Thanks for the tips.
Always pros and cons to consider.
I read this article on Arstechnica a while back, as an intro into ZFS.
I've also messed around with ZFS in various incantations via VMs (including earlier versions of TrueNAS/FreeNAS), but just using standard virtual drives, not hardware pass through. But this was just to play around with vdevs, zpools etc.
Expanding existing pools does seem to have restrictions.
It's not recommended as far as I know to mix vdev configurations, such as in your example (i.e 4 disks initially, then add 2 later on), and I think you're limited to having to use the same raid mode (z1, z2 etc) each time for additional vdevs within the same pool, which also of course also restricts the minimum number of drives you can add at a time.
So there are definitely restrictions to consider, much less flexible than other RAID options as you mention.
As a test I created a zpool with 4 x 1TiB drives, as z2, giving me ~1.83TiB available after formatting etc.

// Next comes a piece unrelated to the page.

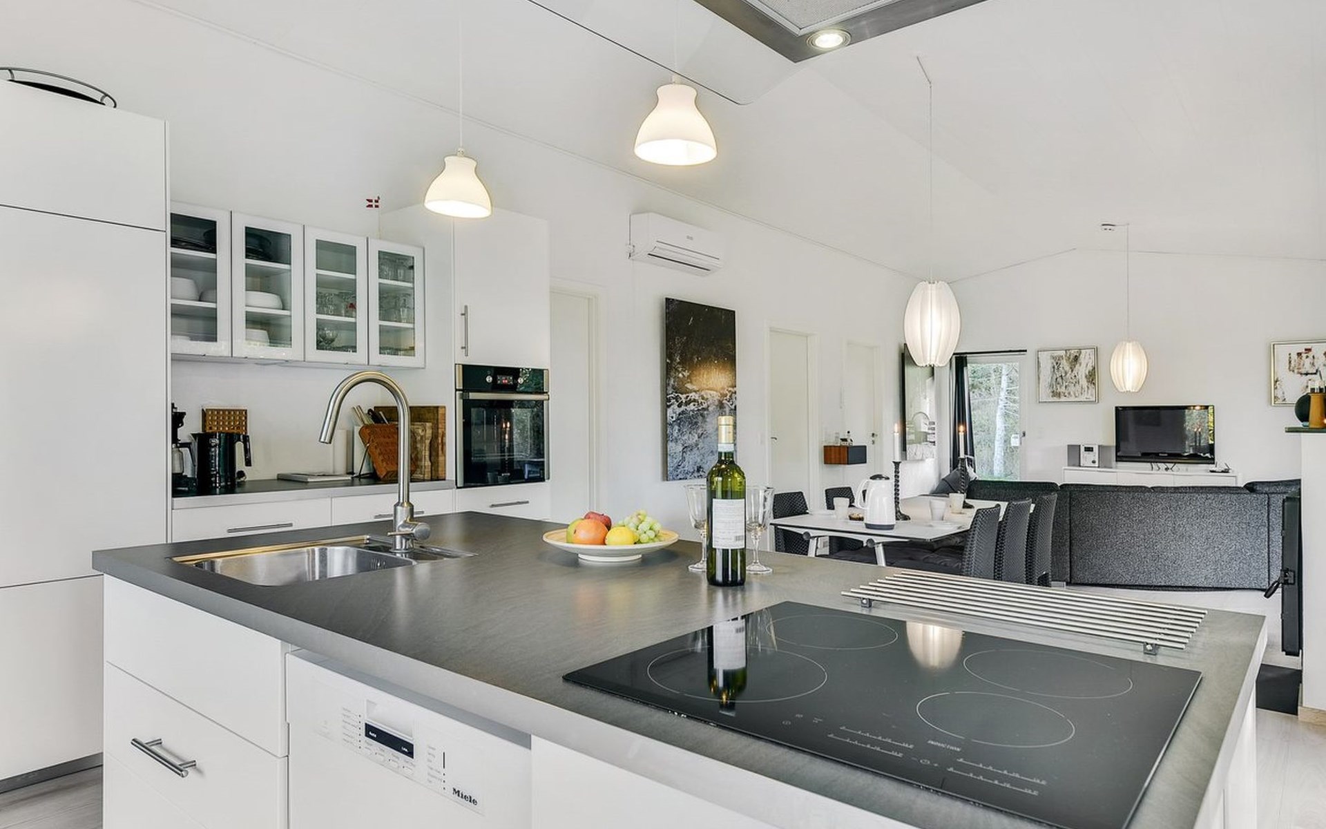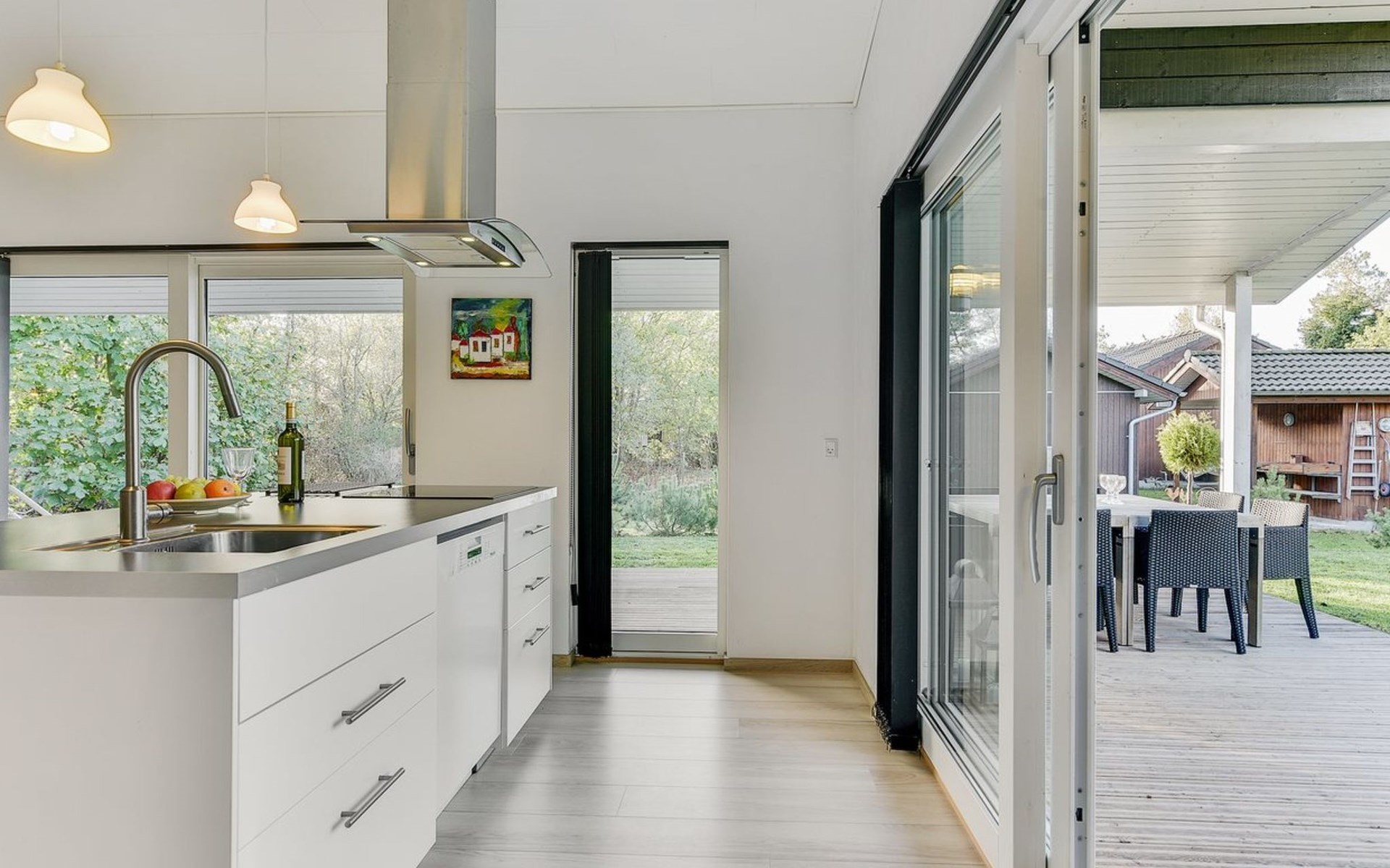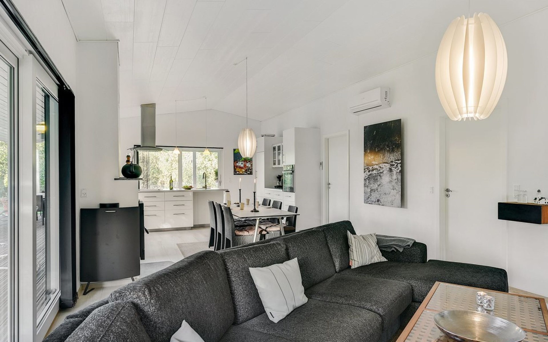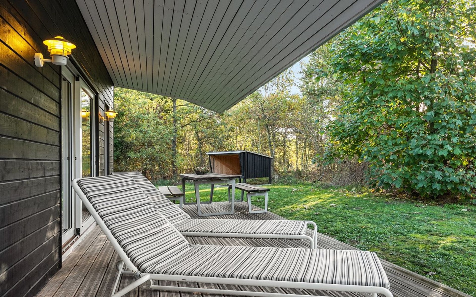 Single-family house, built in 2014. Private: natural state property 1'250 m2. In the house: washing machine. Parking at the house. Grocery 3 km. The owner does not accept any youth groups.

I then added a new vdev to the same zpool, this time using 4 x 2TiB (*) drives, again z2, giving me 5.63 TiB available in total after formatting due to both vdevs being combined within the pool.
Personally, as my data is fairly segregated by function, I'd probably just create a new pool with the four (or however many) new drives, and migrate specific data to the new pool, rather than continually growing a single pool. Again pros and cons of course.
Cheers
* Emulating getting larger size drives at some later date.